Key Concepts: - Projection: \(\pi: \Sigma^* \times 2^{\Sigma^*} \to \Sigma^*\) - Augmentation: \(\alpha: 2^{\Sigma^*} \to 2^{\Sigma^*}\) - Duality: \(\text{LMS}(\pi(x, C), C) = \text{LMS}(x, \alpha(C))\) - Composition: \(\pi_1 \circ \pi_2\), \(\pi_1 \sqcup \pi_2\)

Read this: For mathematical understanding and theoretical foundations.


2. Canonical Augmentations

augmentations.md

Catalog of standard corpus augmentations (normal forms)

Contents: - Case normalization (lowercase, uppercase, titlecase) - Whitespace normalization (collapsing, stripping) - Unicode normalization (NFC, NFD, NFKC, NFKD) - Punctuation handling (removal, normalization) - Composite augmentations (standard, aggressive) - Language-specific augmentations (ASCII folding) - Augmentation composition (sequential, parallel) - Recommended augmentation sets - Space-time tradeoffs - Implementation checklist - Testing strategy

Key Augmentations: - LowercaseAugmentation - Case-insensitive matching (2× corpus) - CaseAugmentation - Full case coverage (4× corpus) - WhitespaceAugmentation - Format robustness (2× corpus) - NFCAugmentation - Unicode handling (2× corpus) - StandardAugmentation - Recommended default (≈8× corpus)
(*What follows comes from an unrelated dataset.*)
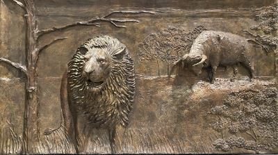 This impressive artwork, measuring 32in. x 56in. x 8in and weighing 160lbs, is presented in bronze high relief, intricately portraying an African lion amidst the vastness of the Bushveld, while a Cape buffalo, wearied yet vigilant, watches its archenemy from a distance.

Read this: For practical augmentation implementation guide.


3. Implementation Reference

implementation.md

Complete reference implementation of the projection system

Contents: - Core abstractions (Projection, Augmentation base classes) - Composition implementations (sequential, parallel, weighted) - Basic projections (identity, recency, truncation) - Normalization projections (case, whitespace, Unicode) - Advanced projections (edit distance, longest suffix) - Basic augmentations (case, whitespace) - Model integration (ProjectedModel, MultiProjectionModel) - Usage examples - Testing strategy

Key Classes:

class Projection(ABC):
    def project(self, context: List[int], corpus: List[int]) -> List[int]
    def project_multi(self, context: List[int], corpus: List[int]) -> Set[Tuple[int, ...]]
    def __rshift__(self, other: 'Projection') -> 'Projection'  # >>
    def __or__(self, other: 'Projection') -> 'Projection'      # |

class Augmentation(ABC):
    def augment(self, corpus: List[int]) -> List[int]
    def __add__(self, other: 'Augmentation') -> 'Augmentation'

Read this: For implementation details and code examples.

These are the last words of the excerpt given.